Usually to suggest that a director’s films exist within a league by
themselves is high praise—an accolade best bestowed upon only the
most revered architects of the craft. And while this is certainly true
of Woody Allen, the fact that his films stand alone has less to do with
his talents as a filmmaker and more with the self-contained/endlessly
constrained aesthetic he’s honed annually over the last 30-some years.
Woody Allen’s movies are removed from—and thus, for better and
often worse, somehow scarcely comparable to—anything besides
other Woody Allen movies.

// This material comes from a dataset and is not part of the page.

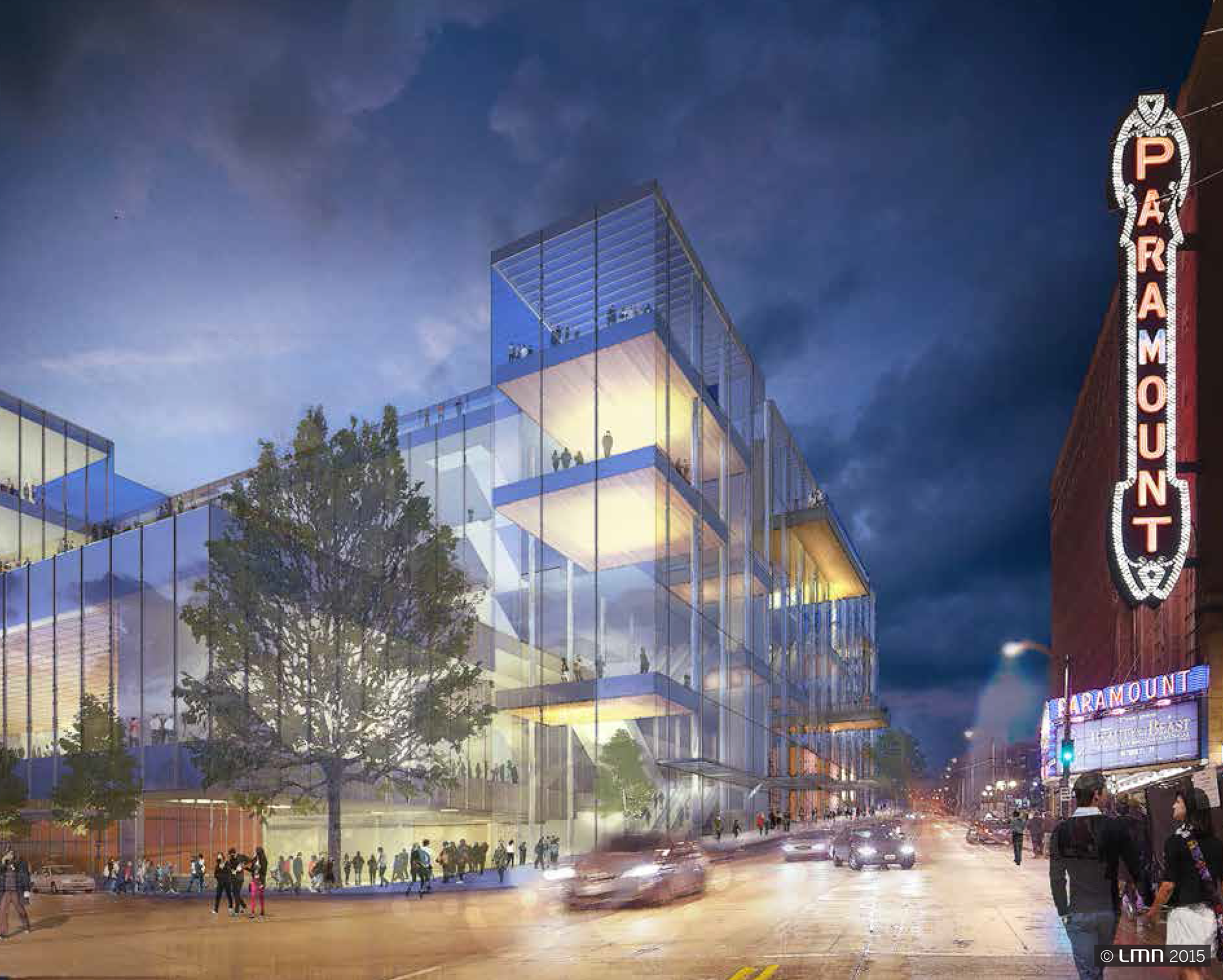 Rendering of the Convention Center Addition, at the corner of Pine Street and Boren Avenue next to Interstate 5. (LMN Architects, Washington State Convention Center)

Which is to say that, while it’s generally
accepted that Woody Allen has made a shit-ton of terrible films, he’s
only actually made a few terrible Woody Allen films.

When compiling a list of the worst films in Woody Allen’s ample
catalog, the first instinct is to gravitate toward his oft-maligned
chamber dramas—the largely unredeemable trio of Interiors,
September, and Another Woman. These only really
half-qualify though, as they’re more accurately Woody Allen’s bad
Ingmar Bergman movies than bad Woody Allen movies. To reach the true
dregs of Woody’s work, one must saunter past the sometimes boring but
largely innocuous ’80s and into his first true creative
drought—an early ’90s that saw the consecutive releases of
Alice and Shadows and Fog, Allen’s first truly bad Woody
Allen movies. Fortunately, he followed it with the pretty good
Husbands and Wives, after which he managed to dither between
mediocrity and quality until the end of the decade. Then shit got
really bad.

Despite the slight reprieve of Sweet and Lowdown in 1999,
Woody managed to dish out the very worst films of his already spotty
career in rather quick succession: Celebrity (bad), Small
Time Crooks
(worse), The Curse of the Jade Scorpion (even worse), Hollywood Ending (fuck!), Anything Else (not that bad), and Melinda and Melinda (fucking
dreadful). It was only after he made the distinctly non-Woody
picture Match Point that he managed to get out of the
hole—which, seeing as how his latest, Cassandra’s Dream, comes out this week—is hopefully a lesson learned.